However reading some of the comments on the other thread makes sense to me as well, A fully LPG powered vehicle.Leisure and engine. One could have 2 tanks, one either side say, to give a total 100 litres of LPG. With change over for emergencies.
This of course could only be with a petrol engined van.

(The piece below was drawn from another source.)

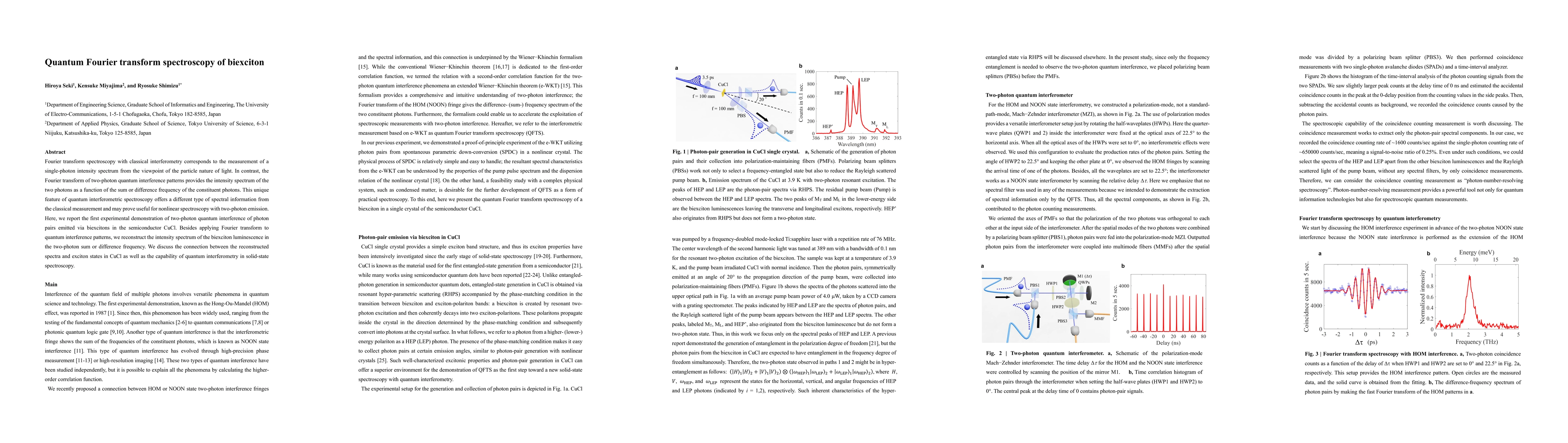 This paper demonstrates the first experimental use of quantum Fourier transform spectroscopy to analyze biexciton luminescence in semiconductor CuCl, revealing the two-photon sum or difference frequency intensity spectrum, which provides unique spectral information compared to classical interferometry. The study highlights the potential of quantum interferometry for solid-state spectroscopy.

Your thoughts and comments please.

cabby


----------



## Pudsey_Bear (Sep 25, 2008)

spykal said:


> Here is one I found ... a strange title but some interesting comments about a totally diesel powered van
> 
> http://forums.motorhomefacts.com/20-motorhome-chitchat/32951-grumpy-said-yes.html#post304471 << Click
> 
> The advanced search engine on here is really very good :wink2:


Yup, even I can find stuff sometimes.

Just saying >


----------



## cabby (May 14, 2005)

My goodness gracious me!!!!!!!!!!!!!!! Kev has found something that works on the new forum set up. Hurrah:surprise::surprise::surprise::surprise:>>>>>>

cabby

Anyway what about thoughts on a complete LPG Van kev.


----------



## Pudsey_Bear (Sep 25, 2008)

cabby said:


> My goodness gracious me!!!!!!!!!!!!!!! Kev has found something that works on the new forum set up. Hurrah:surprise::surprise::surprise::surprise:>>>>>>
> 
> cabby
> 
> Anyway what about thoughts on a complete LPG Van kev.


Couldn't do with the extra noise over the TV mate, also no mention of an oven and we must have one of those, but intriguing nevertheless.


----------